Another day, another cooking oil scandal...

Nanhua Reservoir

Well, I've been manfully ignoring this latest cooking oil scandal, one in a string of dozens over the years since I've been here. I tire of commenting on them. But it's no use. It's just too damn big and hot right now. The KMT news organ emotes:
Last week, it was revealed that Cheng-I Food Co., Ltd. (正義公司), a subsidiary of the Ting Hsin Group (頂新集團), allegedly mixed animal feed oil with edible oil to produce over 60 kinds of cooking oil products for sale. During a press conference in the morning of October 11, Premier Jiang Yi-huah (江宜樺) stated that the tainted oil scandal caused widespread public concerns over food safety, and pledged that the government would demonstrate its resolve to root out all black-hearted (unscrupulous) food manufacturers. Jiang vowed, “The government will take all necessary measures to eliminate the production of tainted foods.”
In case you were wondering, the Kaohsiung city government shut down the production lines of Ting Hsin and Cheng-I, meaning that they do have the power to do that. Horse, barn door, etc. The premier had tariffs on imported lard lowered to help get exports to cover demand.

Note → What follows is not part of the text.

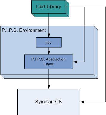 The following image illustrates how the Librt library interacts with the components of the P.I.P.S. environment and also with the Symbian platform:

The Changhua County prosecutors office is pursuing this affair, and have detained several people related to the two firms. Chiayi county hosts the factories which sold animal feed oil to Ting Hsin/Cheng-I and the operators of those firms are being detained as well. The oil meant for animal feed came originally from Vietnam, so only the food gods know what is in it. *sigh*

I wrote in November of 2013 about the scandal last October: What's Not in the News:
HEADLINE NEWS!!!! Taiwan gov't tipped off by Spain in 2009could be something wrong with the oil! Or adulterated oil company executive appears in court and is unrepentant. Defense Ministry to seek compensation for suspect oils

The oil scandal is so useful. The oil companies are scapegoated for all the food sins of Taiwanese firms, the meat packed with antibiotics, the fraudulent organic food, the pears from Dongshih sold as Lishan pears, the rice noodles that aren't rice...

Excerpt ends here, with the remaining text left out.